***** Source material *****

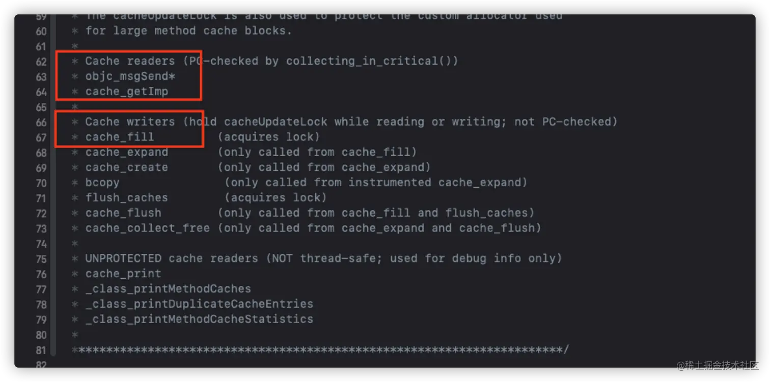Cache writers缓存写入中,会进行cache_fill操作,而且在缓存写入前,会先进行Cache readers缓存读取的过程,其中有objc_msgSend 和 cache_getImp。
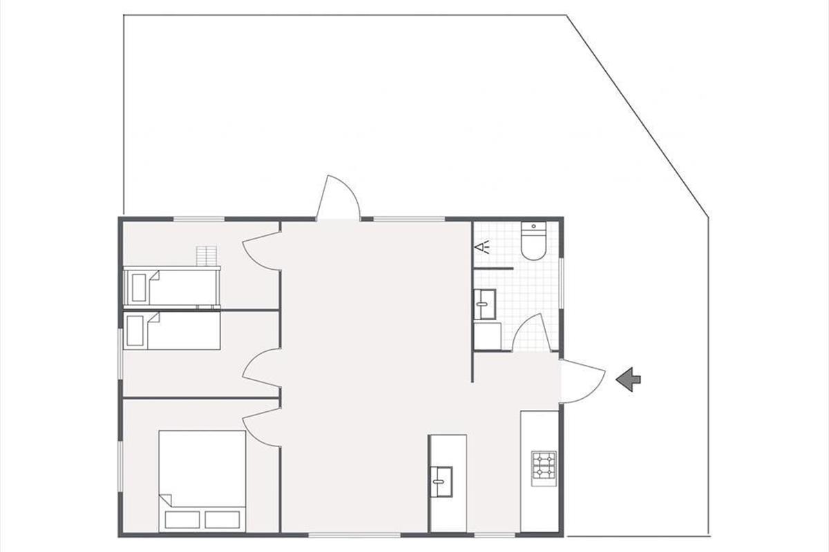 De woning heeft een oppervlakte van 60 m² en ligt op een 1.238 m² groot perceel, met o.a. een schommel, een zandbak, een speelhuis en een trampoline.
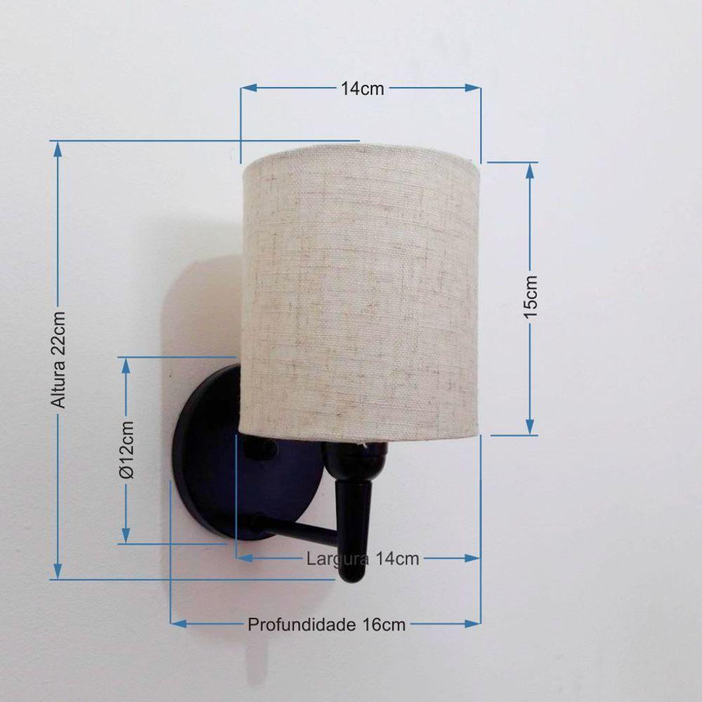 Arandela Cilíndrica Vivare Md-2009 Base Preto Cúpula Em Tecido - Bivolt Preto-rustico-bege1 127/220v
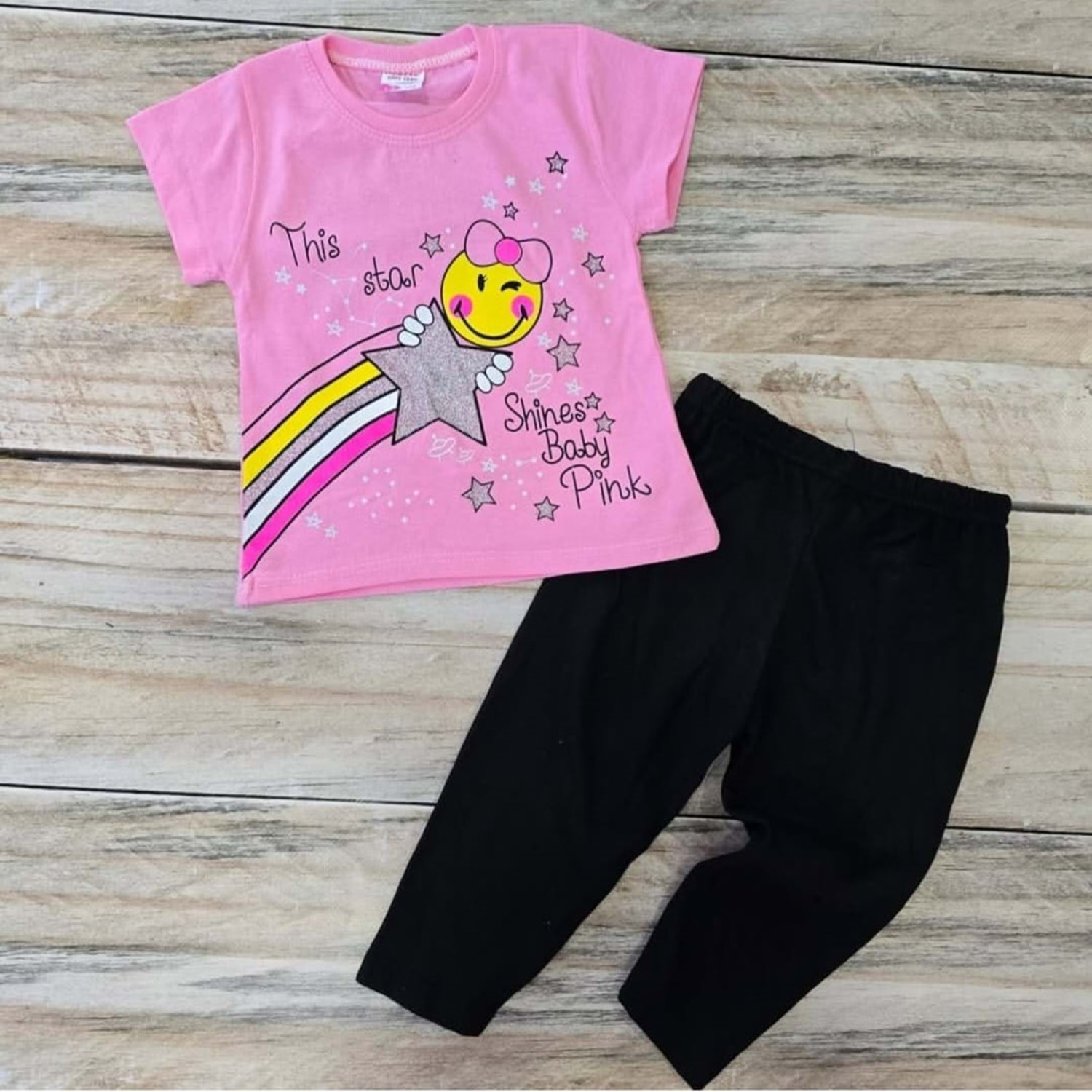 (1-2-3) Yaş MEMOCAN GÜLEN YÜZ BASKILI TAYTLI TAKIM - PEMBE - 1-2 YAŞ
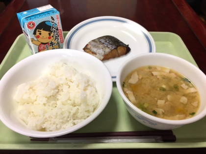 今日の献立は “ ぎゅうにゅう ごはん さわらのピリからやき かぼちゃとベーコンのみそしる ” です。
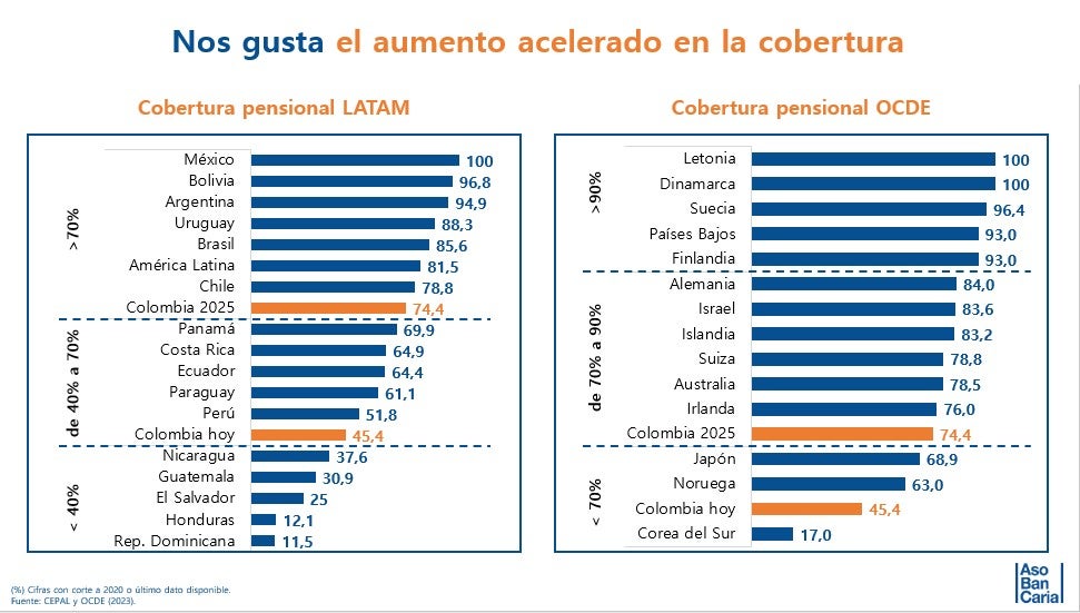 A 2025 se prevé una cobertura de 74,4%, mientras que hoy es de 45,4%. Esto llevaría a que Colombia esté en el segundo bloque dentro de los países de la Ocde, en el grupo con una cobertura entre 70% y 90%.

*****

Exclude all images and retype the data precisely.

Cache writers缓存写入中,会进行cache_fill操作,而且在缓存写入前,会先进行Cache readers缓存读取的过程,其中有objc_msgSend 和 cache_getImp。
 De woning heeft een oppervlakte van 60 m² en ligt op een 1.238 m² groot perceel, met o.a. een schommel, een zandbak, een speelhuis en een trampoline.
 Arandela Cilíndrica Vivare Md-2009 Base Preto Cúpula Em Tecido - Bivolt Preto-rustico-bege1 127/220v
 (1-2-3) Yaş MEMOCAN GÜLEN YÜZ BASKILI TAYTLI TAKIM - PEMBE - 1-2 YAŞ
 今日の献立は “ ぎゅうにゅう ごはん さわらのピリからやき かぼちゃとベーコンのみそしる ” です。
 A 2025 se prevé una cobertura de 74,4%, mientras que hoy es de 45,4%. Esto llevaría a que Colombia esté en el segundo bloque dentro de los países de la Ocde, en el grupo con una cobertura entre 70% y 90%.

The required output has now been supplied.